- About this exercise
Each line of the data below should be restated exactly, with images left out.
*** Data to examine Section Begins ***
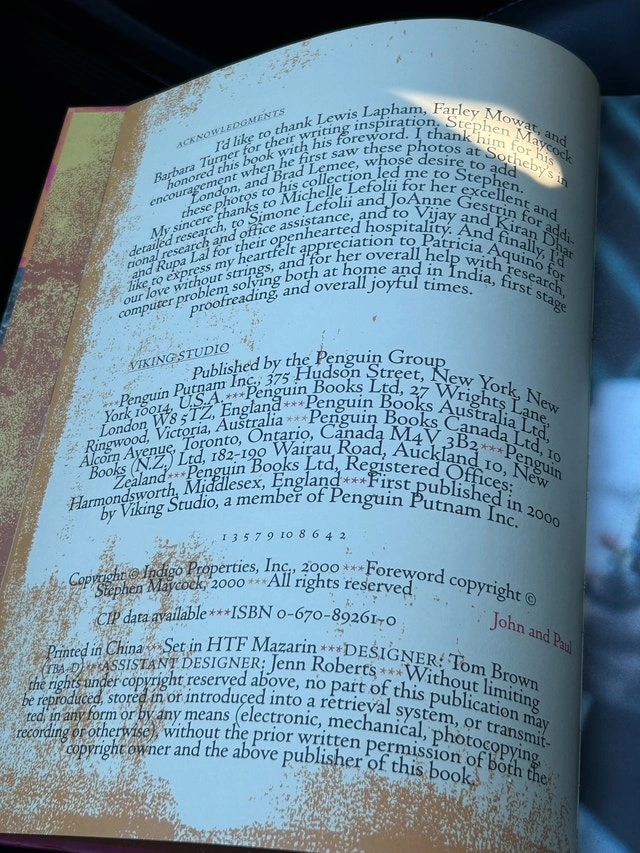 Rare opportunity to acquire The Beatles in Rishikesh by Paul Saltzman, a book of photographs documenting the band's experiences in the ashram. This is a hardcover, first edition, first printing from Viking Studio, New York, 2000. It features 75 original, previously unpublished photographs of John, Paul, George, and Ringo, along with the author's personal anecdotes and first-person accounts of encounters with notable figures of the 1960s who visited the ashram, such as Mia Farrow, Donovan, and Mike Love. Condition is Used - Like new. For Sale By: Owner.
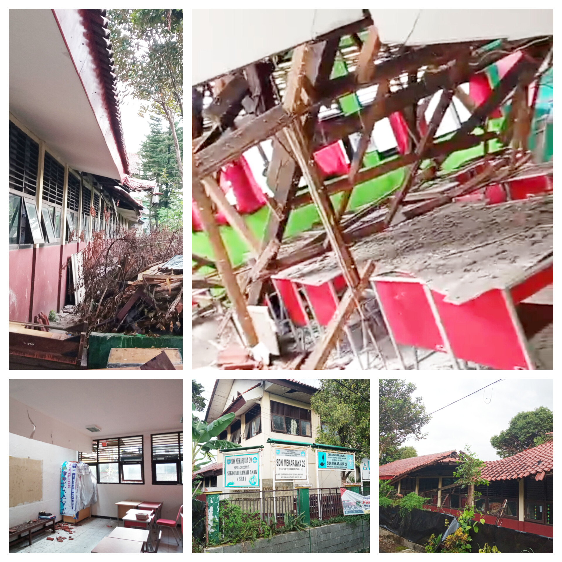 Depok | Harianesia – Atap gedung SDN Mekarjaya 29 yang terletak di Kelurahan Mekarjaya, Kecamatan Sukmajaya, Kota Depok, ambruk pada Sabtu (11/1/2025),) sekitar pukul 22.30 WIB. Kepala sekolah SDN Mekarjaya 29, Rika Kartika, belum terkonfirmasi saat ini dikarenakan saat awak media datang aktivitas sudah tidak ada.
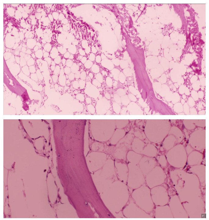 Figura 1. Hipocelularidad del 20-30 % con áreas extensas de reemplazo graso sin cambios displásicos.
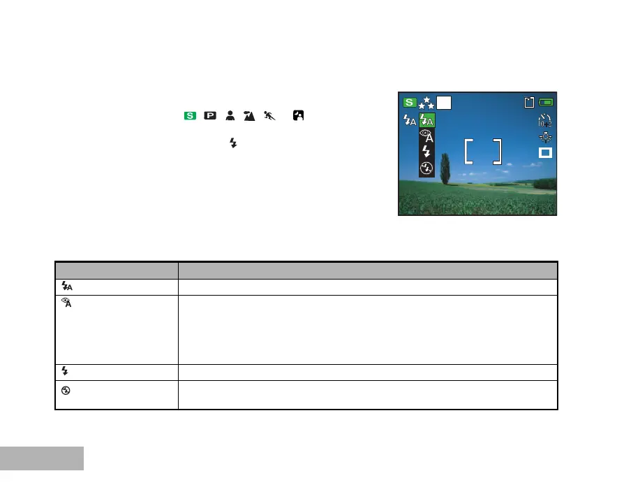 The camera has four flash modes: Auto, Auto + Red-eye, Flash On and Flash Off.
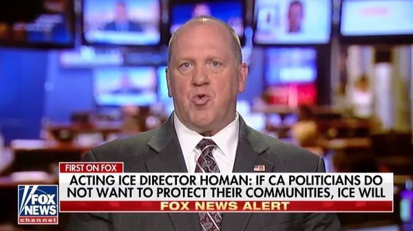 Thomas Homan, the acting director of Immigration and Customs Enforcement, thinks state and local political leaders who aren't on board with the Trump administration's War On Illegal Immigrants need to go to jail for their crimes. In an interview Tuesday with Fox News's Neil Cavuto, Homan, whom Trump wants to get the ICE job for good, insisted that municipal and state officials who pass any sort of "Sanctuary City" laws should be brought up on federal charges because refusing to go along with ICE's deport-'em-all agenda means they "knowingly shield and harbor" illegal aliens.
*** Data to examine Section Ends ***
- Response to the task
 Rare opportunity to acquire The Beatles in Rishikesh by Paul Saltzman, a book of photographs documenting the band's experiences in the ashram. This is a hardcover, first edition, first printing from Viking Studio, New York, 2000. It features 75 original, previously unpublished photographs of John, Paul, George, and Ringo, along with the author's personal anecdotes and first-person accounts of encounters with notable figures of the 1960s who visited the ashram, such as Mia Farrow, Donovan, and Mike Love. Condition is Used - Like new. For Sale By: Owner.
 Depok | Harianesia – Atap gedung SDN Mekarjaya 29 yang terletak di Kelurahan Mekarjaya, Kecamatan Sukmajaya, Kota Depok, ambruk pada Sabtu (11/1/2025),) sekitar pukul 22.30 WIB. Kepala sekolah SDN Mekarjaya 29, Rika Kartika, belum terkonfirmasi saat ini dikarenakan saat awak media datang aktivitas sudah tidak ada.
 Figura 1. Hipocelularidad del 20-30 % con áreas extensas de reemplazo graso sin cambios displásicos.
 The camera has four flash modes: Auto, Auto + Red-eye, Flash On and Flash Off.
 Thomas Homan, the acting director of Immigration and Customs Enforcement, thinks state and local political leaders who aren't on board with the Trump administration's War On Illegal Immigrants need to go to jail for their crimes. In an interview Tuesday with Fox News's Neil Cavuto, Homan, whom Trump wants to get the ICE job for good, insisted that municipal and state officials who pass any sort of "Sanctuary City" laws should be brought up on federal charges because refusing to go along with ICE's deport-'em-all agenda means they "knowingly shield and harbor" illegal aliens.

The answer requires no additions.